▶ **Task requirements**
Using the data below, return word for word every line from the one holding "Chongqing gourmet Mao" down to the one holding "The Darya collection". Leave pictures out.

▶ **Supplied information**
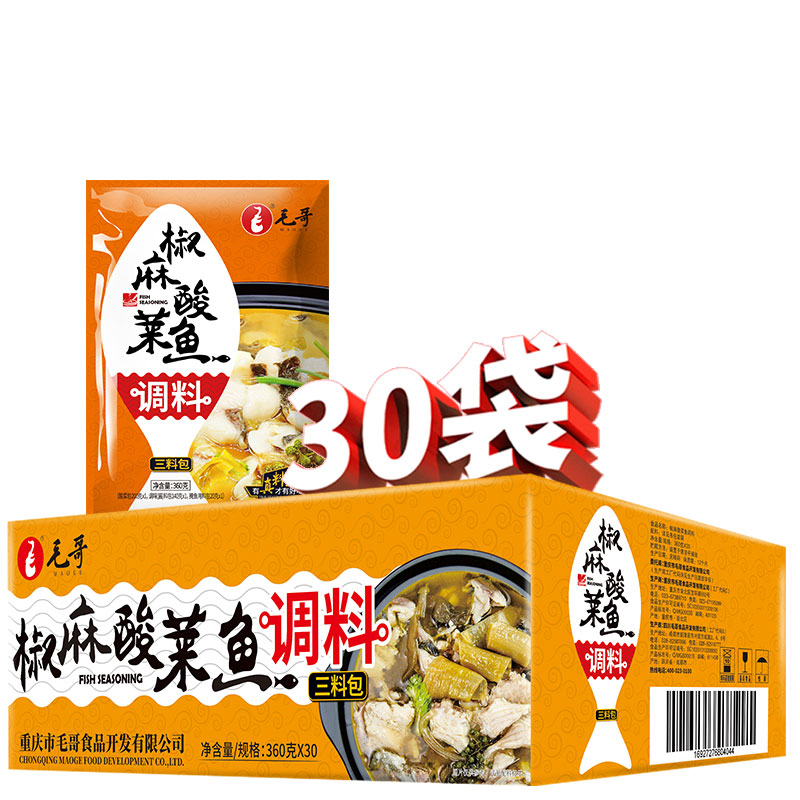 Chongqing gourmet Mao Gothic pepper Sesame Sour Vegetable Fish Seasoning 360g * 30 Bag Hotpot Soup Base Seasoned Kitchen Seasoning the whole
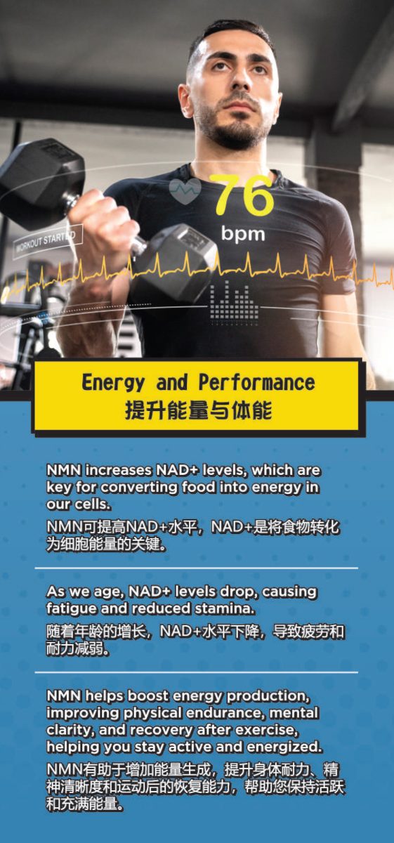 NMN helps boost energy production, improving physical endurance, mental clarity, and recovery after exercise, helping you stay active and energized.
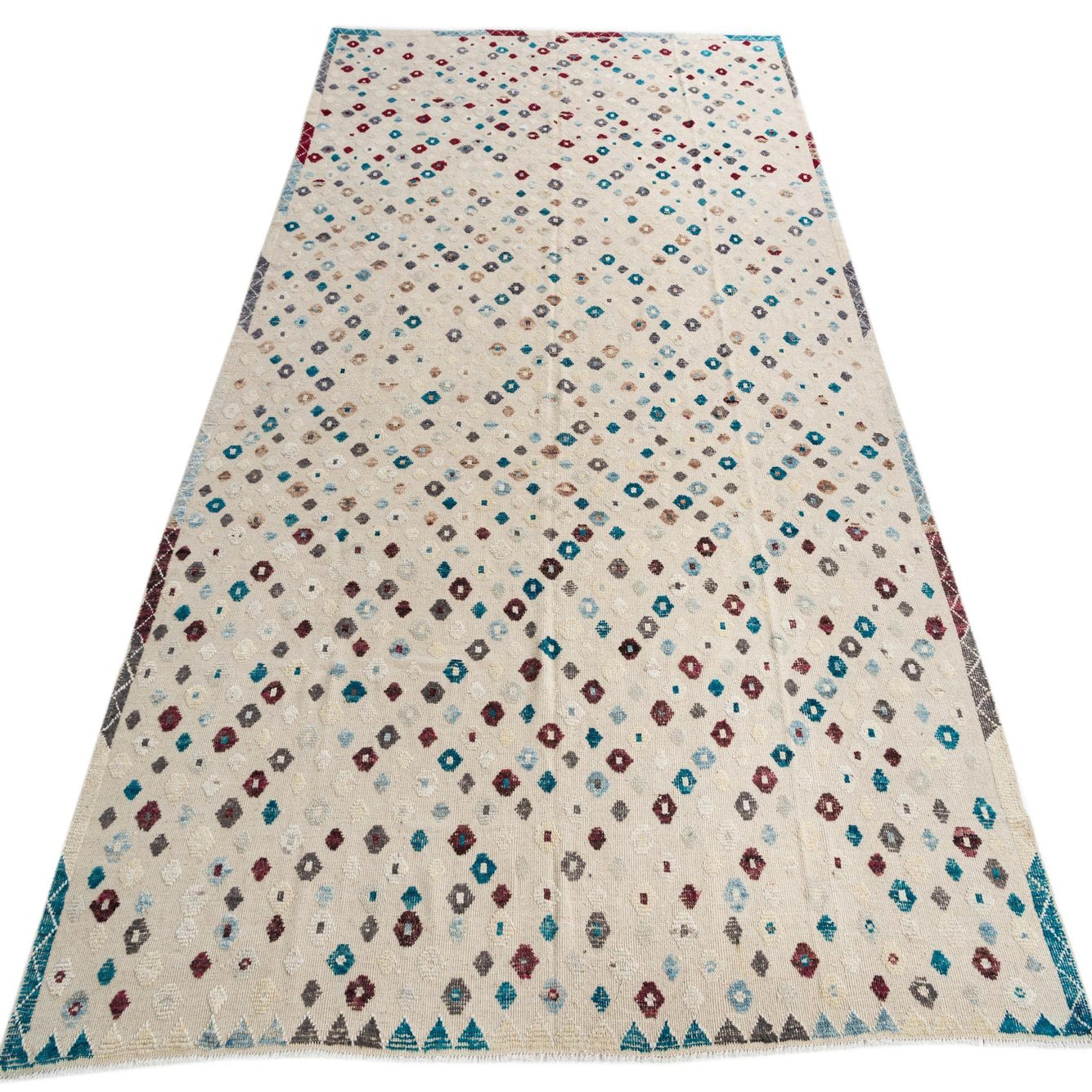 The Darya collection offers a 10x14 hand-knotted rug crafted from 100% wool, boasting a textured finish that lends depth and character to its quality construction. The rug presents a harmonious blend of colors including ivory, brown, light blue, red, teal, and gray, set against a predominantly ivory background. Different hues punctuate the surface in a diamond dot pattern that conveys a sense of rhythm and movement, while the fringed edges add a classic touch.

--

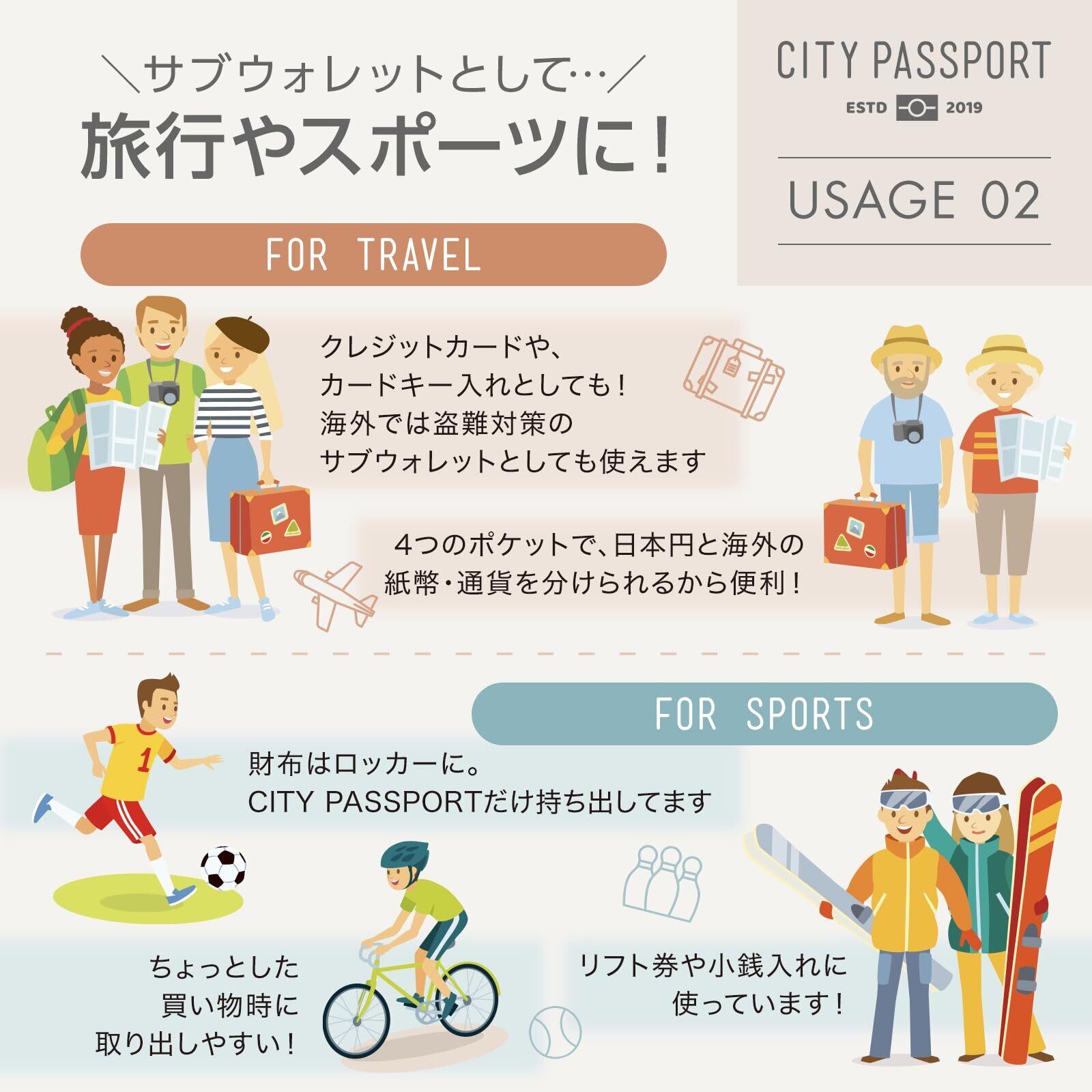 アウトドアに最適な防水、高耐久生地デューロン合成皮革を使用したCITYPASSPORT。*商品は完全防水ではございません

▶ **Reply to the exercise**
 Chongqing gourmet Mao Gothic pepper Sesame Sour Vegetable Fish Seasoning 360g * 30 Bag Hotpot Soup Base Seasoned Kitchen Seasoning the whole
 NMN helps boost energy production, improving physical endurance, mental clarity, and recovery after exercise, helping you stay active and energized.
 The Darya collection offers a 10x14 hand-knotted rug crafted from 100% wool, boasting a textured finish that lends depth and character to its quality construction. The rug presents a harmonious blend of colors including ivory, brown, light blue, red, teal, and gray, set against a predominantly ivory background. Different hues punctuate the surface in a diamond dot pattern that conveys a sense of rhythm and movement, while the fringed edges add a classic touch.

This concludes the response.